The digestion of the protein CaM samples was conducted according to a previously reported protocol with minor changes [32]. The labeled protein sample was mixed with trypsin (trypsin: protein = 1:10) without heating or denaturation. The protein digest was analyzed by nanoLC-MS/MS with an LTQ Orbitrap (Thermo-Scientific, San Jose, CA) coupled with Eksigent NanoLC-Ultra 1D (Eksigent Technologies, Inc. Livermore, CA), as previous reported [33]. LC-MS/MS data were processed by Rosetta Elucidator system (v3.3.0.0.220, Rosetta Biosoftware, Seattle, WA) for retention time alignment of shared LC-MS features. The method for calculation of modification extent by using modified peptide peak intensity was same as the one used in FPOP footprinting study. Changes were made to search for carboxyl-group modifications instead of hydroxyl radical-induced modifications.

2.8. Solvent accessible surface area (SASA) calculation

The side-chain solvent accessibility of calcium-free and bound CaM were calculated by using the structures determined by NMR spectroscopy or X-ray crystallography.
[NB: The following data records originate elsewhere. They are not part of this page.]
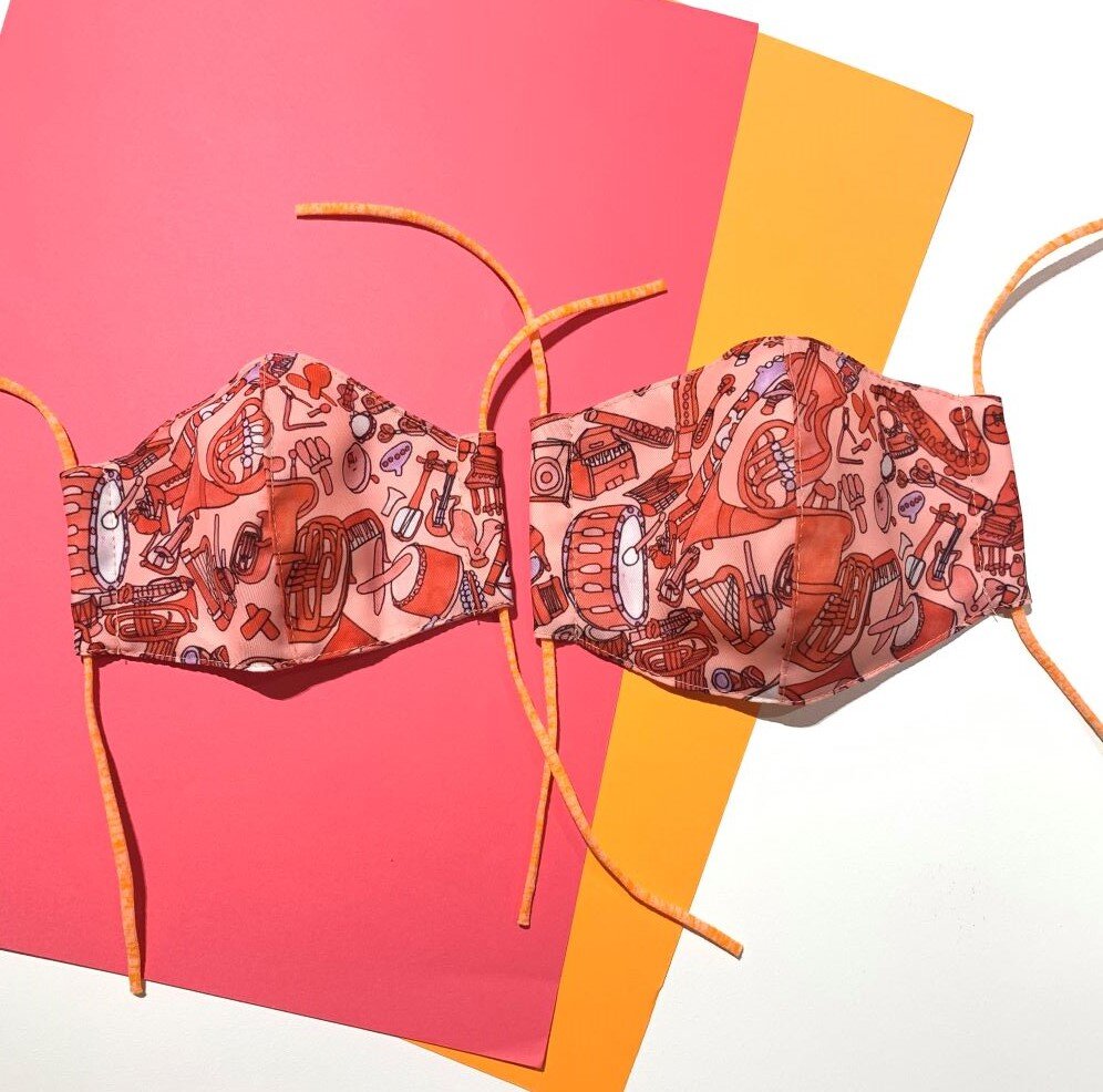同系色でまとめた楽器をモチーフにしたデザインです。 今にもハーモニーが聞こえてきそうなこのマスクは、 音楽の力を私たちに与えてくれます。
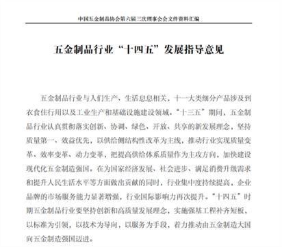 《中国五金制品行业“十四五”发展指导意见》发布
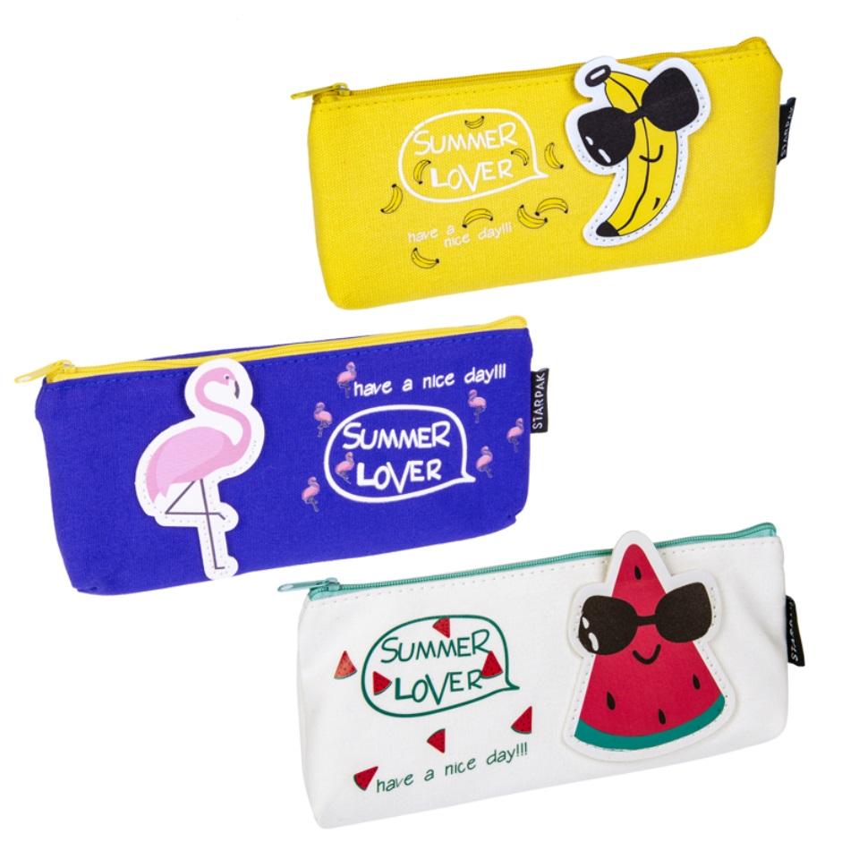 Piórnik w kształcie saszetki z kolekcji Starpak z zamkiem błyskawicznym. Piórnik pomieści niezbędne artykuły piśmiennicze i nie zajmie dużo miejsca w plecaku. Produkt dostępny w trzech młodzieżowych wersjach graficznych, przedstawiających letnie wzory z bananem, arbuzem i flamingiem. Zapoznaj się również z innymi produktami Starpak z serii dedykowanej młodzieży! Produkt jest wyrobem tekstylnym. Przeznaczony dla dzieci w wieku: 3+.
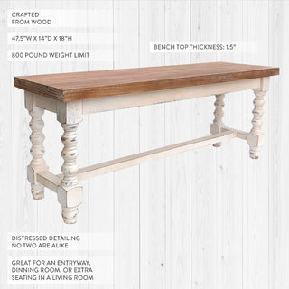 - Farmhouse Bench is beautifully crafted from wood with distressed detailing
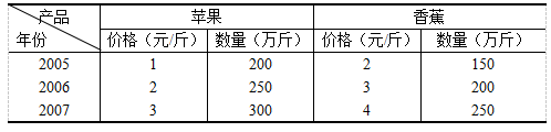假定一个经济中只生产苹果和香蕉两种产品。这两种产品在2005年、2006年、2007年的价格和数量分别如表2-2所示。
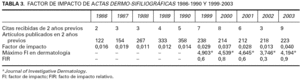 Como muestra la tabla 3, el FI entre los años 1999 y 2003 fue superior al obtenido para el primer periodo del estudio, y oscilaba entre el 0,013 de 2002 y el 0,040 de 2003. Al relativizar este resultado por el máximo FI en dermatología obtenido por la revista Journal of investigative dermatology, se ve que el año 2003 sigue siendo el de mayor FI para AD.
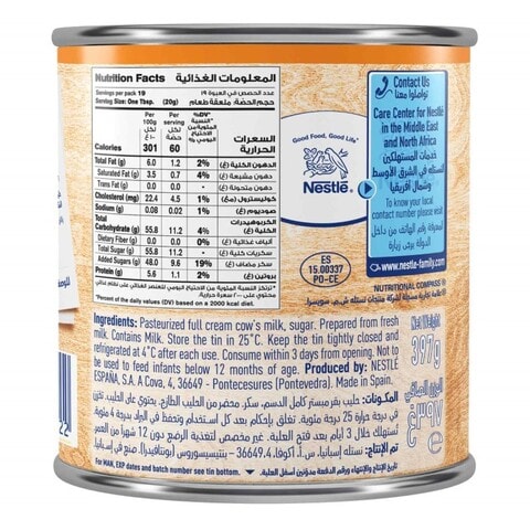 Sweetened condensed milk nutrition label
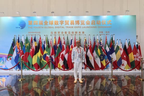 卓木王總裁杜長江與各企業(yè)家在第四屆全球數(shù)字貿(mào)易博覽會合影
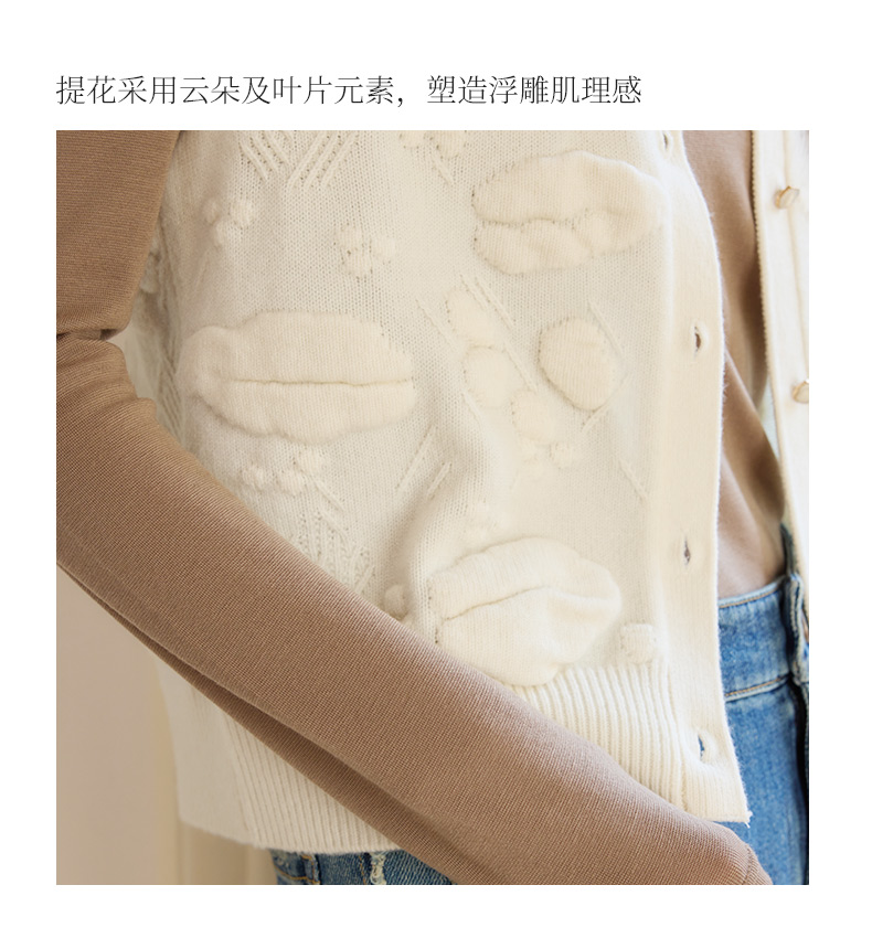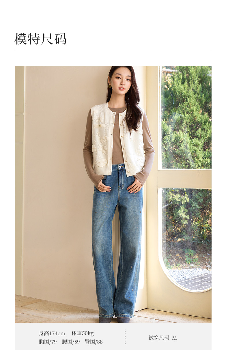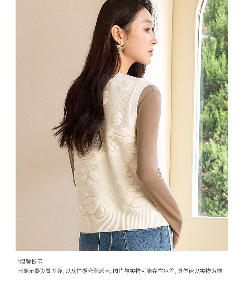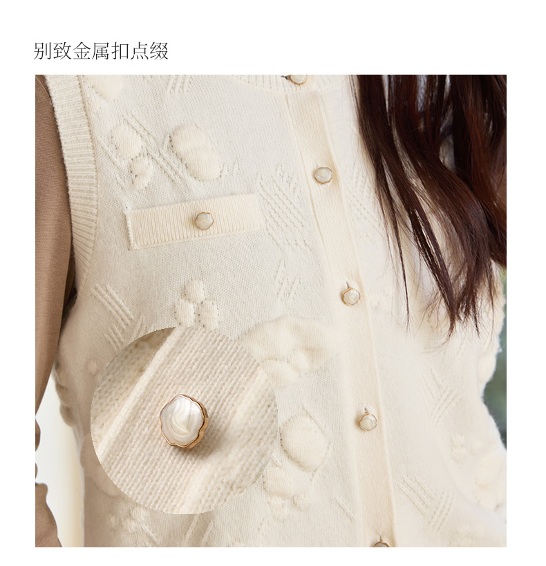 玳莎提花圆领针织马甲女2025年早春新款100%羊毛圆领马夹内搭上衣 FA33001
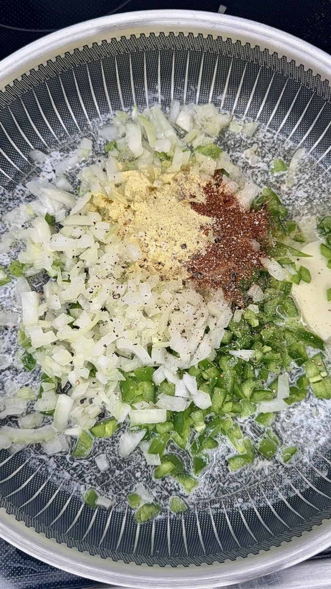 - In a saucepan over medium heat, melt butter. Add onion, jalapeños, and minced garlic with chili peppers. Cook until softened, 3–4 minutes.
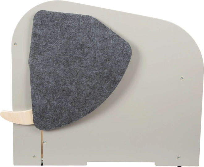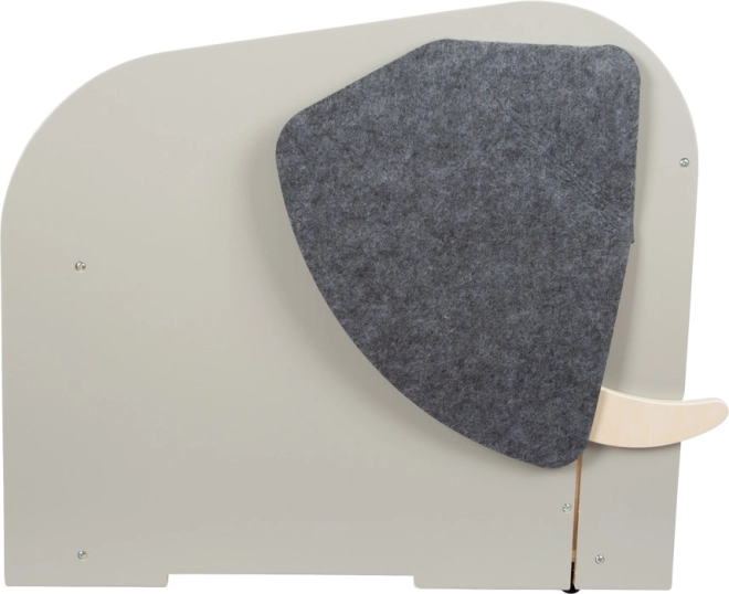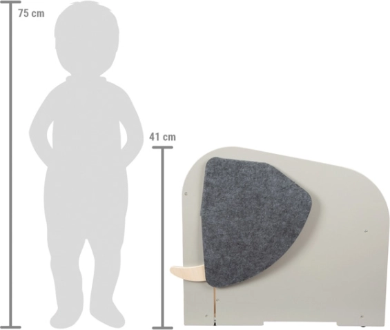 De box biedt royale ruimte voor ook grotere speelgoedstukken, voorvakken voor boeken en schrijfwaren en verbergt tussen de ‘slagtanden’ een uitschuifbare staaf om een papierrol voor tekeningen op te hangen. Hoogwaardige vilten oren bedekken geheime openingen, de draaibare ‘olifantenstaart’ dient als handig handvat om te openen en sluiten en kan kleine spulletjes verbergen.

PDB files of calcium-free CaM (PDB ID: 1CFC) and calcium-bound CaM (PDB ID: 1CLL) were submitted to GETAREA 1.0 (http://curie.utmb.edu/getarea.html) for calculation of individual side chain SASA[34].

3. Results and discussion

3.1. Workflow of post labeling MS analysis

We analyzed the outcomes of protein footprinting MS at both the protein and the amino-acid residue levels. At the protein level, we used desalted protein samples and directly analyzed them by ESI MS. Peaks corresponding to unmodified and modified proteins allowed a comparison of the modification extents for different protein states. In the method development, we optimized the modification conditions based on MS analysis at the protein level even though the results cannot provide information about local conformational changes of the protein. To probe changes in local conformations, we digested the protein and analyzed the resulting peptides by LC-MS/MS, using a typical label-free, quantitative-analysis approach from proteomics. We used both calcium-free and calcium-bound CaM samples to obtain information at the specific amino-acid residue level.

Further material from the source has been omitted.